= Mortimer Rogoff =

American inventor, businessman, and author

Mortimer Alan Rogoff (May 2, 1921 – August 1, 2008) was an American inventor, businessman, and author as well as an amateur photographer and radio operator. He is recognized for his work in spread spectrum technology which is the technology that modern cell phones and GPS systems are based on. He is also considered the grandfather of the electronic navigation chart.

== Early life ==
Rogoff was born in Brooklyn, New York. He earned his B.S.E.E. from Rensselaer Polytechnic Institute in 1943 and his M.S.E.E. from Columbia University in 1948. While at Rensselaer he was a member of Kappa Nu fraternity and the Features Editor for the student newspaper.

During World War II, he enlisted in the United States Navy and worked on developing radio communication and aerial navigation systems. One of the techniques he developed was undetectable by Axis forces because its power was below that of the background noise and its frequency varied in random ways. This secure transmission was the beginning of spread spectrum technology which would become the basis for GPS and CDMA cellular telephone systems. Although he was never able to patent the technology because it was a military secret he did get some recognition for it almost forty years later when he received the Institute of Electrical and Electronics Engineers’ Pioneer Award in 1981.

== Career ==
Rogoff worked for twenty-two years (1946 to 1968) for ITT Laboratories in New Jersey. In 1958, he became their deputy director of Engineering. He was Vice President of ITT Laboratories from 1962 to 1963. From 1963 to 1968, he was promoted to the corporate staff where he became head of European operations. In 1968 he left ITT to work for the Diebold Group where he became an Executive Vice President.

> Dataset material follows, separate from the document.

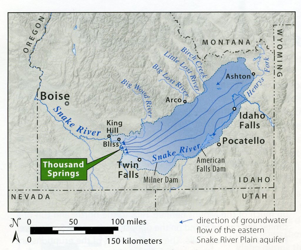The Snake River aquifer is a complex system, with multiple layers of high permeability. It discharges 8 million acre feet of water per year in the famous Thousand Springs area on the north wall of the Snake River canyon from Twin Falls to Hagerman. Most of the commercially produced trout in the United States are grown there.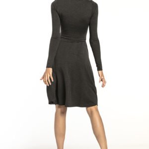 Elegancka sukienka z delikatnej w dotyku dzianiny wiskozowej z długim rękawem. Góra sukienki dopasowana, wykończona golfem. Odcięcie w talii i rozkloszowany dół sukienki. Rodzaj materiału pozwala jej na ładne, zwiewne zachowanie się w ruchu. Nasza propozycja idealnie nadaje się do stylizacji eleganckich jak i bardziej swobodnych. Materiał jest rozciągliwy nawet do 10 cm.

After leaving the Diebold Group he founded several technology and automation businesses, including his own consulting firm, and Teletext Communications Corporation. Later in the 1970s, he was a Principal with Booz Allen Hamilton. In 1979, his book ‘’Calculator Navigation’’ was published. This book demonstrated practical methods for calculating precise ship locations using radio navigation with a consumer calculator.

In 1981, he founded a new company, Navigation Sciences Inc., in Bethesda, Maryland. With this company he patented a method for marine navigation that combined radar maps with electronic charts in 1986. This was a major advancement in field. Today, this system is known as the Electronic Chart Display and Information System (ECDIS). Rogoff had seen the need for a new charting system in 1968 from his apartment at 180 East End Avenue in New York City. From there, he saw a boating accident where a life was lost and decided there had to be a way to automate navigation.

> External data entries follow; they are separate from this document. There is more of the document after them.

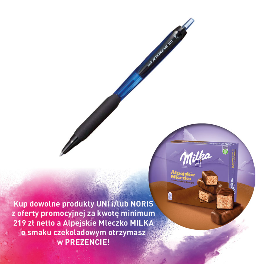 jm.: szt Kup dowolne produkty UNI i/lub NORIS z oferty promocyjnej za kwotę minimum 219 zł netto a Alpejskie Mleczko MILKA o smaku czekoladowym otrzymasz w PREZENCIE!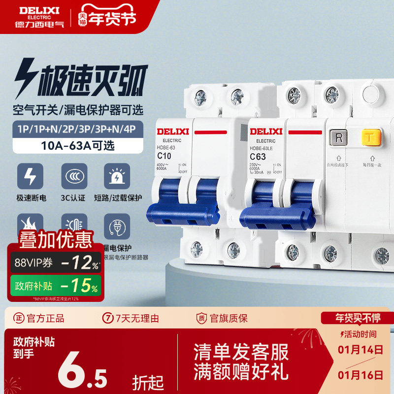 德力西断路器官方家用空气开关小型空气开关带漏电保护电闸断路器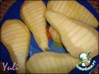 Груши очистить от кожуры и семечек.Надрезаем горизонтально на дольки,но не прорезаем до конца. |

Rogoff then became of member of the International Maritime Organization’s (IMO) sub-committee on Safety of Navigation, a representative to the International Electrotechnical Commission, and became the chairman of the Radio Technical Commission for Maritime Services Special Committee 109 on Electronic Charts. He was able to use his influence on these boards to push through a proposal of ECDIS standards in 1989 where none has been before. As his friend Giuseppe Carnevali said, “Although nobody could argue against the need for a standard, no one was ready to endorse one; however, nobody was brave enough to oppose it.” A Test Bed project on these proposals was conducted by the United States Coast Guard. The amended standards were accepted by the IMO in November, 1995.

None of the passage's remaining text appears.